Y es ahí, tras una serie de avatares que darían para escribir decenas y centenares más de líneas aparte de las presentes, cuando Carlos les dijo a los Príncipes Electores que recordaran aquella promesa que le hicieron a su abuelo, Maximiliano, de apoyarlo cuando llegara el momento de nombrarlo emperador. Io recordó. Tal cual; palabras acompañadas de perras para que no se les olvidara la promesa. Que no, que no, replicaron aquellos príncipes pegando volantazos con el traje de faralaes a ritmo de los Cantores de Híspalis.
Eso se tradujo en meses de negociaciones que fueron lo más parecido a una temporada completa de MyHyV —Mujeres y Hombres y Viceversa—, con los trapos sucios de cada casa a la vista de todo el mundo: que si ojo con Carlos, que es hijo de Juana y ya sabemos cómo está la mujer; que si un dictador al lado de Francisco es Santa Teresa de Calcuta, y a nosotros —los Príncipes Electores, defensores a ultranza de las libertades germánicas—eso nos pega…

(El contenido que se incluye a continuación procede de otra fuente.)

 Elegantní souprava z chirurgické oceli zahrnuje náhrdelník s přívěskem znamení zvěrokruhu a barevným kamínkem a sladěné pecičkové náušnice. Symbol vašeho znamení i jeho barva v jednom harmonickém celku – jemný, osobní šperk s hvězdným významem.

En consecuencia, el asunto se votó el 28 de junio de 1519. El resultado, el ya sabido: Carolus Imperator Augustus.
Ahora, ¿recuerdas la fiesta a la que se refirió antes el noble catalán? La broma le salió a Carlos por unos 850 000 florines entre prebendas, regalos y demás a los Príncipes Electores alemanes —al cambio actual, que me ha costado, no te creas, unos 85 000 euros. Para la época, un pastizal—, a sus consejeros, a los arzobispos y a las ciudades imperiales, que aquí todo Dios pilló cacho y nunca mejor dicho—. Ojo, pastizal que no salió de los bolsillos del emperador, sino de los de banqueros como los Welser y los Fugger, entre otros. Dinero que trajo su miga, como veremos en posteriores capítulos. Que ya sabemos cómo son los bancos.
¡Ah! ¿Y Francisco? ¿Se iba a quedar de brazos cruzados, compuesto y sin imperio?